▸ **Available data**:
*** Block opens ***

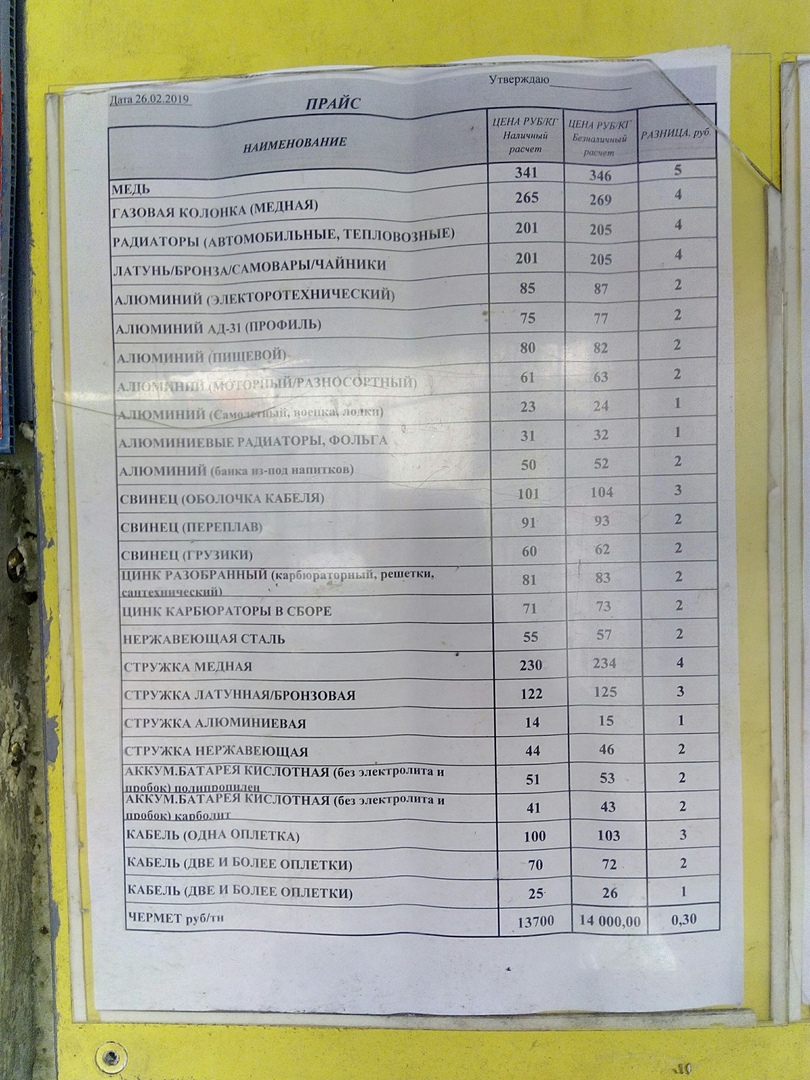 медь - 380 латунь - 230 алюминь - 65 свнец -60 Переплавил пластин от аккумов (наковырял в дерне раздолбанные в свое время), в итоге слиток по массе оказался легче больше чем в в два раза от начальной массы пластин, цена на слиток 60 р/кг, а пластин 30 р/кг (аккумуляторный бой), так что аккумы плавить не выгодно, либо я такой рукопоп ) |
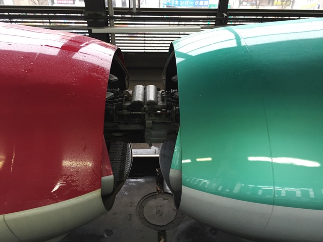 Nhưng câu chuyện Shinkansen không ngừng ở đây. Trên chuyến xe đi lên miền Tohoku, khi đến thành phố Morioka đoàn xe được tách rời làm hai tại nhà ga Morioka. Sau đó, đoàn xe phía trước sẽ tiếp tục đi về phía bắc đến Aomori, đoàn phía sau sẽ hướng về thành phố Akita phía bờ tây Nhật Bản. Tôi dự đoán sẽ có những tiếng "cành cạch" tháo rời làm rung chuyển đoàn xe. Nhưng không, việc tách rời xảy ra êm thắm không một tiếng động. Ngồi trong xe, thật sự tôi không hiểu đoàn xe đã được tách ra như thế nào. Vài ngày sau, khi trở lại nhà ga Morioka tình cờ tôi mục kích một sự kiện ngược lại là hai đoàn xe Shinkansen đang ráp hai đầu vào nhau. Cái "móc" của xe là một bộ phận cơ điện mang đầy bộ cảm biến (Hình 2). Hai đoàn xe từ từ xê dịch cho đến khi hai cái móc nhẹ nhàng liên kết vào nhau như hai chiếc tàu vũ trụ "docking" trong không gian. Tất cả hoàn tất trong vài phút. Đoàn xe dài ngoằn gấp đôi như con rắn khổng lồ điềm nhiên phi mã hướng về Tokyo với vận tốc 300 km/h.
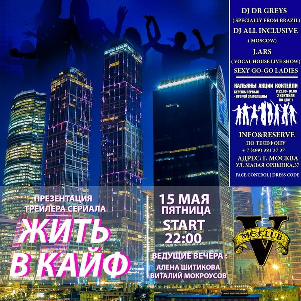 Вечеринка от создателей сериала ЖИТЬ В КАЙФ. Презентация трейлера. Специальные гости: Dj's Dr.Greys и All inclusive.
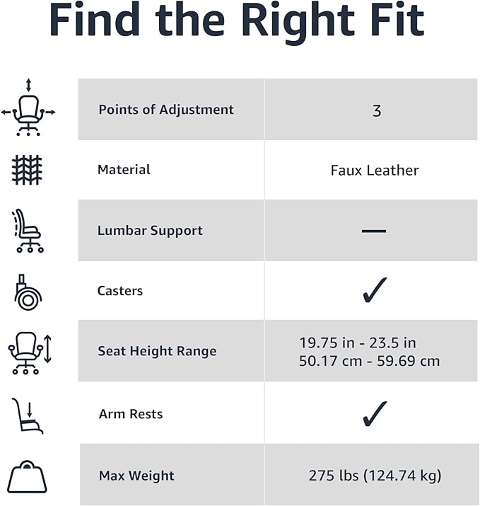 Amazon Basics Classic Puresoft PU Padded Mid-Back Height Adjustable Office Computer Desk Chair with Armrest, 25.75"D x 24.25"W x 42.25"H, Brown
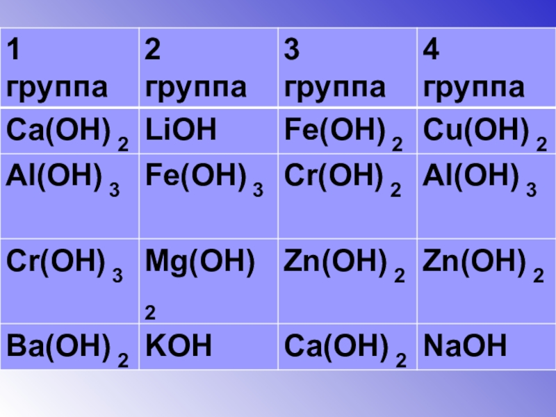 гидроксиды металлов 1 и 2
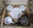 Looks unused. Plates measure 4.25" and cups are 3.5 x 2.5 x 2.5.
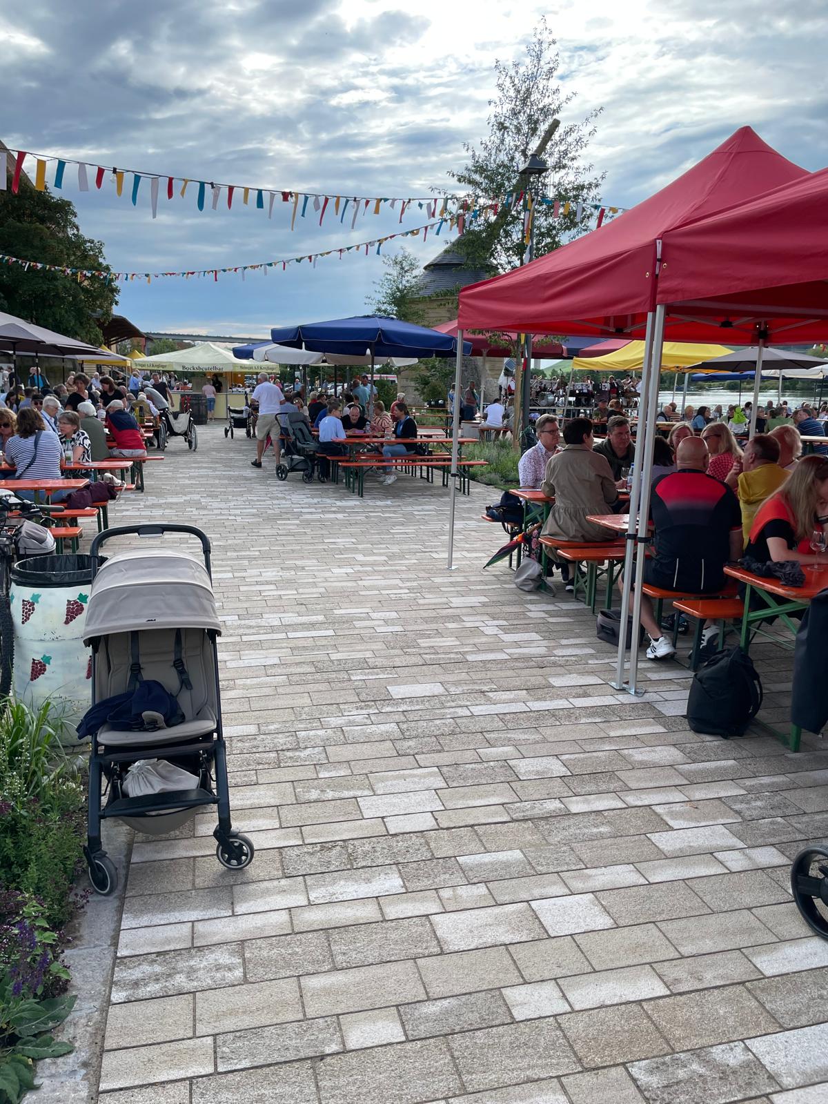 Das Weinfest in Marktbreit hat eine lange Geschichte und geht zurück auf die Tradition des Weinbauorts im Anbaugebiet Franken. Bereits seit dem Frühmittelalter betrieben die Menschen um Marktbreit Weinbau. Neben der Altstadt mit ihren historischen Sehenswürdigkeiten zieht die Weinlandschaft um Marktbreit auch heute noch die Touristen an. Das Weinfest wird vom Heimatverein gemeinsam mit der Stadt Marktbreit veranstaltet und von weiteren Vereinen sowie den örtlichen Winzern unterstützt. In diesem Jahr fand es erstmals auf dem neu gestalteten Areal am Mainufer statt. Neben gutem Wein und Geselligkeit spielte Blasmusik und am Abend eine Rockband.
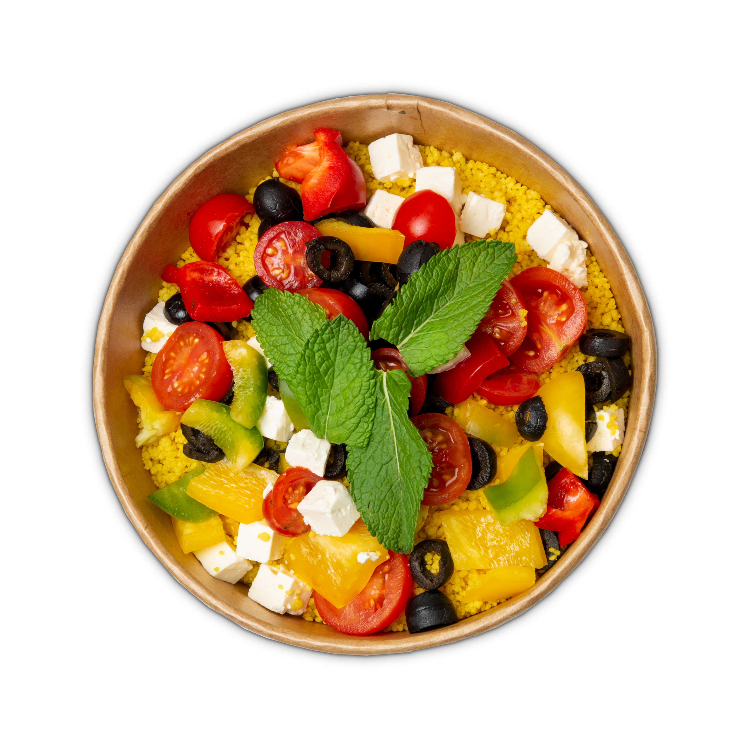 Mediterran, frisch und sättigend: Unser Couscous-Salat mit frischer Rohkost und Hirtenkäse ist die ideale, ausgewogene Ergänzung oder Alternative zu Haussalaten. Empfehlung: Balsamico Dressing
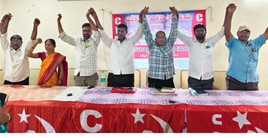 స్మార్ట్ మీటర్లు-ఆదానికి* *వరం-రాష్ట్ర* *ప్రజలకు శాపం".* అనే అంశంపై "*ప్రాంతీయ సదస్సును ఉద్దేశించి భారత కమ్యూనిస్టు పార్టీ (మార్క్సిస్టు), సిపిఎం జిల్లా కార్యదర్శి జి.చంద్రశేఖర్ మాట్లాడుతూ... 1998 లో నాటి ఉమ్మడి రాష్ట్రం ముఖ్యమంత్రిగా నారా చంద్రబాబు నాయుడు విద్యుత్ సంస్కరణల పేరిట ప్రైవేట్ రంగాన్ని ప్రవేశపెట్టి ప్రజలపై మోయలేని విద్యుత్ చార్జీల భారాన్ని ప్రారంభించారన్నారు. ప్రజల్లో పెద్ద ఎత్తున తిరుగుబాటు వచ్చి "బషీర్బాగ్ ప్రజా ప్రతిఘటన"పై కాల్పులు జరిగారని ముగ్గురు సిపిఎం కార్యకర్తలు అమరులైనారని గుర్తు చేశారు. వై.యస్.రాజశేఖర్ రెడ్డి ప్రతిపక్ష నాయకుడిగా నాడు కమ్యూనిస్టుల ఉద్యమానికి మద్దతు తెలియజేసి, అధికారంలోకి వచ్చాక అదే విద్యుత్ సంస్కరణలను అమలు చేసి ప్రజలపై భారాలు కొనసాగించారని గుర్తు చేశారు. 2014 రాష్ట్ర విభజన తర్వాత నవ్యాంధ్రప్రదేశ్ సీ.ఎం. గా మళ్లీ టిడిపి అధికారంలోకి రావటంతో విద్యుత్ భారాలు కొనసాగించారన్నారు. 2019లో జగన్మోహన్ రెడ్డి ఎన్నికల ముందు వ్యవసాయానికి ఉచిత విద్యుత్తు, గృహ అవసరాలకు 200 యూనిట్ల వరకు ఉచిత కరెంటు వాగ్దానం చేసి మాట నిలబెట్టుకోలేదని అన్నారు. 5 సంవత్సరాల ఆయన పరిపాలనలో ఆయన జోబి విద్యుత్తు కాంట్రాక్ట్ సంస్థలను ప్రవేశపెట్టి వారికి వేలకోట్ల విద్యుత్తు కాంట్రాక్టులు అప్పగించి ప్రజాధనాన్ని పరోక్షంగా లబ్ధి పొందారన్నారు. ఆదానితో సోలార్ విండో విద్యుత్తు ఒప్పందాలు మరొకసారి పునరుద్ధరించుకొని యూనిట్ విద్యుత్తు 2.45 ఉండగా ఒకే మారు 4.75 పైసలకు అమాంతంగా పెంచి ప్రజాతనాన్ని దోచుకోవడానికి కార్పొరేట్ సంస్థలకు అవకాశం కల్పించాలన్నారు. ఆదాని కంపెనీల లక్ష కోట్ల లబ్ధి చేకూర్చి వారి నుండి కిట్ ప్రోకో పద్ధతిలో 32 వేల కోట్లు వైసిపి ప్రభుత్వం ఎన్నికల నిధుల లబ్ధి పొందిందని పత్రికల్లో రాస్తున్నారని గుర్తు చేశారు. 2024 ఎన్నికల్లో రాష్ట్రంలో టిడిపి, బిజెపి, జనసేన ఎన్డీఏ కూటమి తిరిగి అధికారులకు వచ్చాక, 2024- 2025 "సేకి విద్యుత్తు ఒప్పందాలు" ఆదానే కంపెనీలతో, భవిష్యత్తు 25 సంవత్సరాలకు యూనిట్ విద్యుత్తు7 రూపాయలకు పెంచుకొని విక్రయించేందుకు ఒప్పందం చేసుకొని 1 లక్ష, 50 వేల కోట్ల రూపాయలు ప్రజలపై భారాలు వేసి, ప్రజలు నిలువు దోపిడీ చేయడానికి ఆదానికి లైసెన్సు ఇచ్చారని ఇందులోనూ ఆదాని కూటమి నాయకుల మధ్య కిట్ ప్రోకో అవినీతి జరిగిందని ఆరోపించారు. సిపిఎం జిల్లా కార్యదర్శి వర్గ సభ్యులు జీ.శివకుమార్ , జిల్లా కమిటీ సభ్యులు పి.చాన్ బాషా లు మాట్లాడారు. బద్వేల్ పట్టణ కమిటీ మోక్షమ్మ, బాబు, చిన్ని, షరీఫ్, శివ, సుబ్బరాయుడు, రాయప్ప, శాఖ కార్యదర్శులు బాలమ్మ, మస్తాన్ బి, కొండయ్య, మోరా ప్రసాద్ , బద్వేల్ రూరల్ కమిటీ కార్యదర్శి దాసరి వెంకటేష్, జయరాజ్ కృష

*** Block closes ***

▸ **What the exercise asks**: All lines above are to be restated word for word, with pictures excluded.

▸ **Response area**:
 медь - 380 латунь - 230 алюминь - 65 свнец -60 Переплавил пластин от аккумов (наковырял в дерне раздолбанные в свое время), в итоге слиток по массе оказался легче больше чем в в два раза от начальной массы пластин, цена на слиток 60 р/кг, а пластин 30 р/кг (аккумуляторный бой), так что аккумы плавить не выгодно, либо я такой рукопоп ) |
 Nhưng câu chuyện Shinkansen không ngừng ở đây. Trên chuyến xe đi lên miền Tohoku, khi đến thành phố Morioka đoàn xe được tách rời làm hai tại nhà ga Morioka. Sau đó, đoàn xe phía trước sẽ tiếp tục đi về phía bắc đến Aomori, đoàn phía sau sẽ hướng về thành phố Akita phía bờ tây Nhật Bản. Tôi dự đoán sẽ có những tiếng "cành cạch" tháo rời làm rung chuyển đoàn xe. Nhưng không, việc tách rời xảy ra êm thắm không một tiếng động. Ngồi trong xe, thật sự tôi không hiểu đoàn xe đã được tách ra như thế nào. Vài ngày sau, khi trở lại nhà ga Morioka tình cờ tôi mục kích một sự kiện ngược lại là hai đoàn xe Shinkansen đang ráp hai đầu vào nhau. Cái "móc" của xe là một bộ phận cơ điện mang đầy bộ cảm biến (Hình 2). Hai đoàn xe từ từ xê dịch cho đến khi hai cái móc nhẹ nhàng liên kết vào nhau như hai chiếc tàu vũ trụ "docking" trong không gian. Tất cả hoàn tất trong vài phút. Đoàn xe dài ngoằn gấp đôi như con rắn khổng lồ điềm nhiên phi mã hướng về Tokyo với vận tốc 300 km/h.
 Вечеринка от создателей сериала ЖИТЬ В КАЙФ. Презентация трейлера. Специальные гости: Dj's Dr.Greys и All inclusive.
 Amazon Basics Classic Puresoft PU Padded Mid-Back Height Adjustable Office Computer Desk Chair with Armrest, 25.75"D x 24.25"W x 42.25"H, Brown
 гидроксиды металлов 1 и 2
 Looks unused. Plates measure 4.25" and cups are 3.5 x 2.5 x 2.5.
 Das Weinfest in Marktbreit hat eine lange Geschichte und geht zurück auf die Tradition des Weinbauorts im Anbaugebiet Franken. Bereits seit dem Frühmittelalter betrieben die Menschen um Marktbreit Weinbau. Neben der Altstadt mit ihren historischen Sehenswürdigkeiten zieht die Weinlandschaft um Marktbreit auch heute noch die Touristen an. Das Weinfest wird vom Heimatverein gemeinsam mit der Stadt Marktbreit veranstaltet und von weiteren Vereinen sowie den örtlichen Winzern unterstützt. In diesem Jahr fand es erstmals auf dem neu gestalteten Areal am Mainufer statt. Neben gutem Wein und Geselligkeit spielte Blasmusik und am Abend eine Rockband.
 Mediterran, frisch und sättigend: Unser Couscous-Salat mit frischer Rohkost und Hirtenkäse ist die ideale, ausgewogene Ergänzung oder Alternative zu Haussalaten. Empfehlung: Balsamico Dressing
 స్మార్ట్ మీటర్లు-ఆదానికి* *వరం-రాష్ట్ర* *ప్రజలకు శాపం".* అనే అంశంపై "*ప్రాంతీయ సదస్సును ఉద్దేశించి భారత కమ్యూనిస్టు పార్టీ (మార్క్సిస్టు), సిపిఎం జిల్లా కార్యదర్శి జి.చంద్రశేఖర్ మాట్లాడుతూ... 1998 లో నాటి ఉమ్మడి రాష్ట్రం ముఖ్యమంత్రిగా నారా చంద్రబాబు నాయుడు విద్యుత్ సంస్కరణల పేరిట ప్రైవేట్ రంగాన్ని ప్రవేశపెట్టి ప్రజలపై మోయలేని విద్యుత్ చార్జీల భారాన్ని ప్రారంభించారన్నారు. ప్రజల్లో పెద్ద ఎత్తున తిరుగుబాటు వచ్చి "బషీర్బాగ్ ప్రజా ప్రతిఘటన"పై కాల్పులు జరిగారని ముగ్గురు సిపిఎం కార్యకర్తలు అమరులైనారని గుర్తు చేశారు. వై.యస్.రాజశేఖర్ రెడ్డి ప్రతిపక్ష నాయకుడిగా నాడు కమ్యూనిస్టుల ఉద్యమానికి మద్దతు తెలియజేసి, అధికారంలోకి వచ్చాక అదే విద్యుత్ సంస్కరణలను అమలు చేసి ప్రజలపై భారాలు కొనసాగించారని గుర్తు చేశారు. 2014 రాష్ట్ర విభజన తర్వాత నవ్యాంధ్రప్రదేశ్ సీ.ఎం. గా మళ్లీ టిడిపి అధికారంలోకి రావటంతో విద్యుత్ భారాలు కొనసాగించారన్నారు. 2019లో జగన్మోహన్ రెడ్డి ఎన్నికల ముందు వ్యవసాయానికి ఉచిత విద్యుత్తు, గృహ అవసరాలకు 200 యూనిట్ల వరకు ఉచిత కరెంటు వాగ్దానం చేసి మాట నిలబెట్టుకోలేదని అన్నారు. 5 సంవత్సరాల ఆయన పరిపాలనలో ఆయన జోబి విద్యుత్తు కాంట్రాక్ట్ సంస్థలను ప్రవేశపెట్టి వారికి వేలకోట్ల విద్యుత్తు కాంట్రాక్టులు అప్పగించి ప్రజాధనాన్ని పరోక్షంగా లబ్ధి పొందారన్నారు. ఆదానితో సోలార్ విండో విద్యుత్తు ఒప్పందాలు మరొకసారి పునరుద్ధరించుకొని యూనిట్ విద్యుత్తు 2.45 ఉండగా ఒకే మారు 4.75 పైసలకు అమాంతంగా పెంచి ప్రజాతనాన్ని దోచుకోవడానికి కార్పొరేట్ సంస్థలకు అవకాశం కల్పించాలన్నారు. ఆదాని కంపెనీల లక్ష కోట్ల లబ్ధి చేకూర్చి వారి నుండి కిట్ ప్రోకో పద్ధతిలో 32 వేల కోట్లు వైసిపి ప్రభుత్వం ఎన్నికల నిధుల లబ్ధి పొందిందని పత్రికల్లో రాస్తున్నారని గుర్తు చేశారు. 2024 ఎన్నికల్లో రాష్ట్రంలో టిడిపి, బిజెపి, జనసేన ఎన్డీఏ కూటమి తిరిగి అధికారులకు వచ్చాక, 2024- 2025 "సేకి విద్యుత్తు ఒప్పందాలు" ఆదానే కంపెనీలతో, భవిష్యత్తు 25 సంవత్సరాలకు యూనిట్ విద్యుత్తు7 రూపాయలకు పెంచుకొని విక్రయించేందుకు ఒప్పందం చేసుకొని 1 లక్ష, 50 వేల కోట్ల రూపాయలు ప్రజలపై భారాలు వేసి, ప్రజలు నిలువు దోపిడీ చేయడానికి ఆదానికి లైసెన్సు ఇచ్చారని ఇందులోనూ ఆదాని కూటమి నాయకుల మధ్య కిట్ ప్రోకో అవినీతి జరిగిందని ఆరోపించారు. సిపిఎం జిల్లా కార్యదర్శి వర్గ సభ్యులు జీ.శివకుమార్ , జిల్లా కమిటీ సభ్యులు పి.చాన్ బాషా లు మాట్లాడారు. బద్వేల్ పట్టణ కమిటీ మోక్షమ్మ, బాబు, చిన్ని, షరీఫ్, శివ, సుబ్బరాయుడు, రాయప్ప, శాఖ కార్యదర్శులు బాలమ్మ, మస్తాన్ బి, కొండయ్య, మోరా ప్రసాద్ , బద్వేల్ రూరల్ కమిటీ కార్యదర్శి దాసరి వెంకటేష్, జయరాజ్ కృష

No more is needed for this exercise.